Begitu masuk, Mira langsung menceritakan apa yang terjadi, mulai dari Revan yang belum ia temukan, kekacauan di rumahnya, hingga pesan misterius yang ia temukan. Mata Arni melebar mendengar cerita itu, dan ia segera meraih tangan Mira.
"Mira, ini serius. Kalau orang-orang itu berani masuk ke rumahmu dan meninggalkan ancaman seperti itu, berarti mereka benar-benar berbahaya," kata Arni dengan nada tegas. "Kita harus melapor ke polisi."
"Tapi aku tidak tahu apa yang harus aku katakan," jawab Mira. "Aku bahkan tidak tahu siapa mereka atau apa yang mereka inginkan."
Arni terdiam sejenak, lalu berkata, "Kalau begitu, kita mulai dari awal. Kita cari tahu siapa sebenarnya orang-orang itu dan apa hubungannya dengan Revan."
Arni mengeluarkan laptopnya dan mulai mencari informasi berdasarkan petunjuk yang Mira berikan. Sementara itu, Mira mencoba mengingat kembali setiap detail kecil yang mungkin bisa membantu.
Namun, Mira terdiam menatap kosong ke arah layar laptop Arni. Pikirannya melayang jauh ke masa lalu, mengingat pertemuan pertama dengan Revan di rumah sakit, pertemuan yang tidak di sengaja.
Ia masih ingat wajah Nadira yang pucat di atas tempat tidur rumah sakit, dengan senyuman lemah tetapi penuh harapan.
"Kak, tolong kabulkan permintaan terakhirku. Nikahilah Revan... dia orang baik. Aku ingin kamu bahagia," ujar Nadira dengan suara lirih namun penuh keyakinan.
Awalnya Mira menganggap permintaan itu hanyalah keinginan spontan seorang gadis yang sedang sakit parah. Namun, setelah kematian Nadira, kata-kata itu terus menghantui pikirannya. Dan tanpa ia sadari, permintaan itu membawa Mira dan Revan semakin dekat.
Namun kini, setelah Revan menghilang tanpa jejak, Mira merasa seolah-olah permintaan terakhir Nadira menyisakan beban yang jauh lebih besar dari yang ia duga.
Arni, yang memperhatikan Mira tenggelam dalam pikirannya, menyentuh bahu sahabatnya dengan lembut. "Mira, kau baik-baik saja?" tanyanya dengan nada khawatir.
Mira mengangguk pelan. "Aku hanya... merasa semua ini terlalu berat. Aku bahkan tidak tahu apa-apa tentang Revan. Semua yang aku tahu berasal dari cerita Nadira. Aku bahkan tidak yakin apakah aku benar-benar mengenalnya."
Arni mengerutkan kening. "Jadi, Nadira yang mempertemukanmu dengan Revan?
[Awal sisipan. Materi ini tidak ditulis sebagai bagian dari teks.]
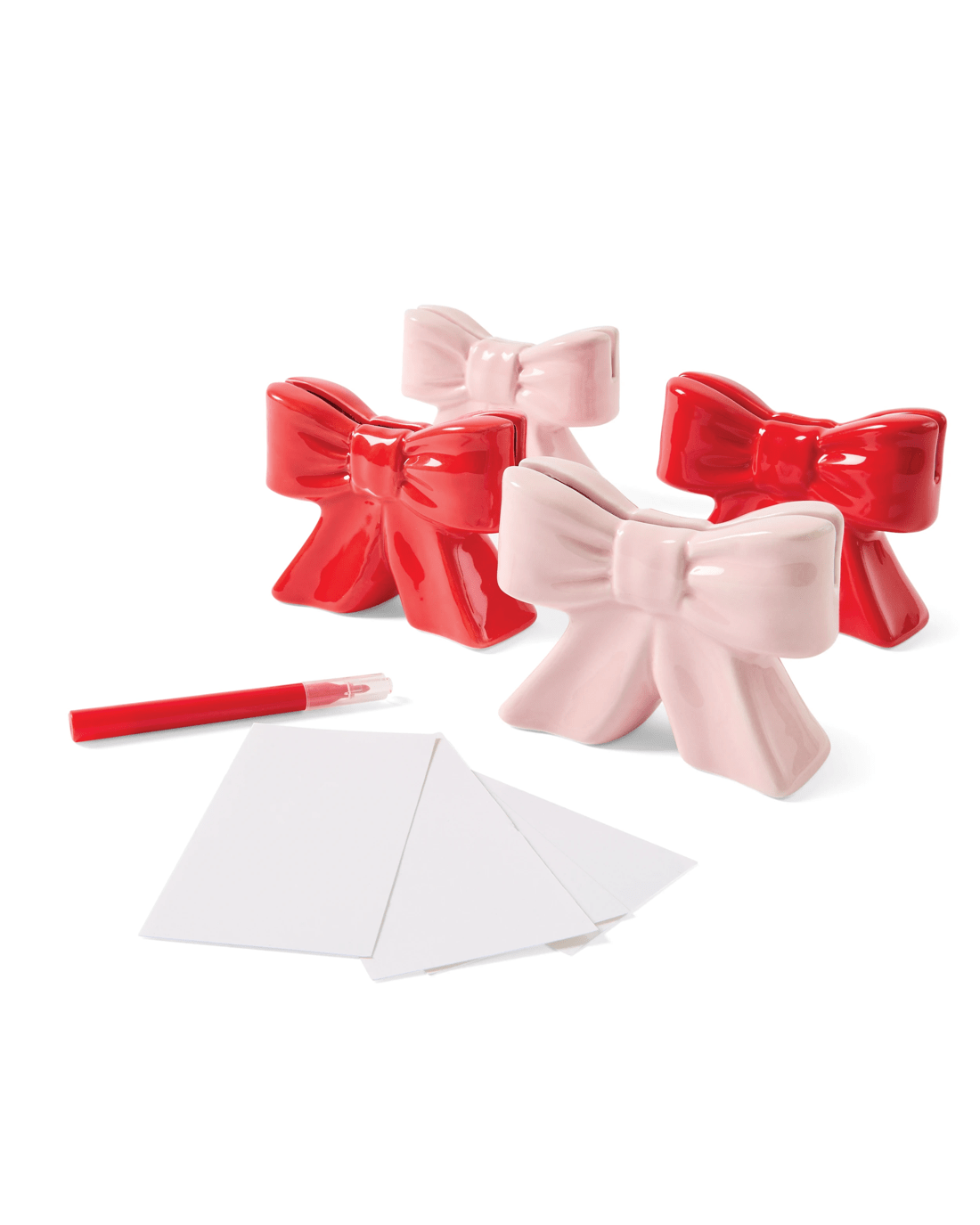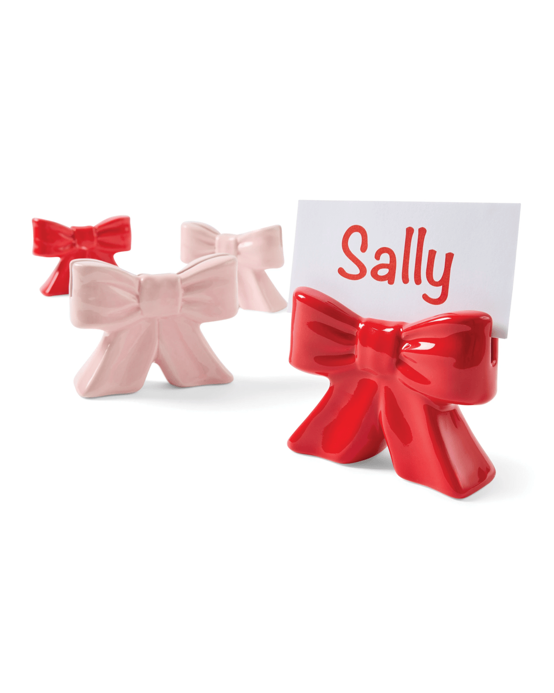 4 Pack Pink and Red Ceramic Bow Placecard Holders

Dan kalian menikah karena permintaan Nadira?"
Mira mengangguk lagi. "Ya. Revan tampak seperti orang yang baik, dan dia juga sangat peduli pada Nadira. Itu alasan aku menerima permintaan itu. Tapi setelah menikah, kami tidak punya banyak waktu untuk benar-benar saling mengenal. Dia selalu sibuk... dan sekarang dia hilang."
Arni menatap Mira dengan serius. "Mira, aku tahu ini mungkin terdengar aneh, tapi apa kau pernah merasa ada sesuatu yang disembunyikan oleh Revan? Atau mungkin sesuatu yang tidak pernah ia ceritakan tentang masa lalunya?"
Mira terdiam sejenak, mencoba mengingat. "Aku ingat dia pernah menyebut bahwa dia memiliki banyak masalah di masa lalu, tapi dia tidak pernah mau menjelaskan lebih lanjut. Dia hanya bilang kalau semuanya sudah selesai."
Arni menatap layar laptopnya lagi. "Kalau begitu, kita perlu mencari tahu lebih banyak tentang masa lalu Revan. Aku tahu ini sulit, Mira, tapi kalau kita tidak mencari tahu, kita tidak akan pernah tahu apa yang sebenarnya terjadi."
Mira menghela napas, merasa berat dengan kenyataan ini.
"Baiklah," katanya akhirnya.
"Mari kita mulai dari apa yang kamu tahu. Tentang Revan, Nadira, dan apa pun yang bisa membawa kita ke jawaban."
Malam ini, mereka mulai menelusuri setiap petunjuk, mengumpulkan informasi kecil yang mungkin terlihat sepele tetapi berpotensi membuka tabir misteri ini.